Group Shows

Resolute painters at Equity

Peter Schenck, Wet Hot American Summer, 2024, acrylic on panel, 24 x 24 inches

Contributed by Zach Seeger / One day, the polyglot, not-quite-formed figurative painter Alfred Jensen was sitting at his desk in his studio mulling over what to do next. A world traveler, he had a bounty of books, cutouts, and sketches of glyphs, logograms, symbols and signifiers nesting in his studio. But he was stuck. Then Mark Rothko knocked on the door for a studio visit. After a few long drags from his cigarette, Rothko gestured to the byzantine bric-a-brac on Jensen’s wall and said, “You know, Alfred, that’s your work. Paint that.” From that point forward, Jensen changed how and what he painted. Via sticker-book color and flourish, “Gritty Rituals,” a thoughtfully energizing group show at Equity Gallery, recalls the schematic proto-pop that Jensen teamed with imagist distortion and tantric and somatic references. 

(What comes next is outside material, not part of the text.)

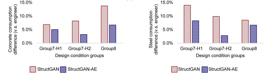 图6也展示了StructGAN和StructGAN-AE的材料用量差异。StructGAN-AE的材料用量与工程师设计结果的差异更小。从12个结构案例材料用量的平均值来看,StructGAN-AE的混凝土和钢材用量与工程师设计结果的差异小于StructGAN与工程师设计结果的差异。

Curator Peter Schenck’s own work in the show is an ordered, reflective ensemble of his usual studio nature morte. It features brushes, squeezed tubes of paint, and donuts, plus saggy-sad faces painted with Saul-like acridity, but forms are stacked and ordered in a way that conveys their fate in storage. Schenck has taken an inventory and has arranged the iconography predominantly within a rectangle, suggesting a hierarchy as well as directional order. 

Lauren Comito, Funhouse, 2024, acrylic on canvas, 48 x 40 inches

Lauren Comito’s work comprises diagrams of body parts, interiors, and architectures, inlayed with culture-jamming references to temples, idols, pinball machines, and Judy Chicago. They resemble mind mazes and puzzles. It’s irresistible to link her work here to the Met’s current exhibition “Mandalas: Mapping the Buddhist Art of Tibet.” Both shows are, in a way, schematic existential instructions, booklets for being. While Comito’s work lacks any palpable spirituality, it does activate the imagination as the stillness of an artifact, or a board game sitting in the cupboard waiting to be picked up, might. 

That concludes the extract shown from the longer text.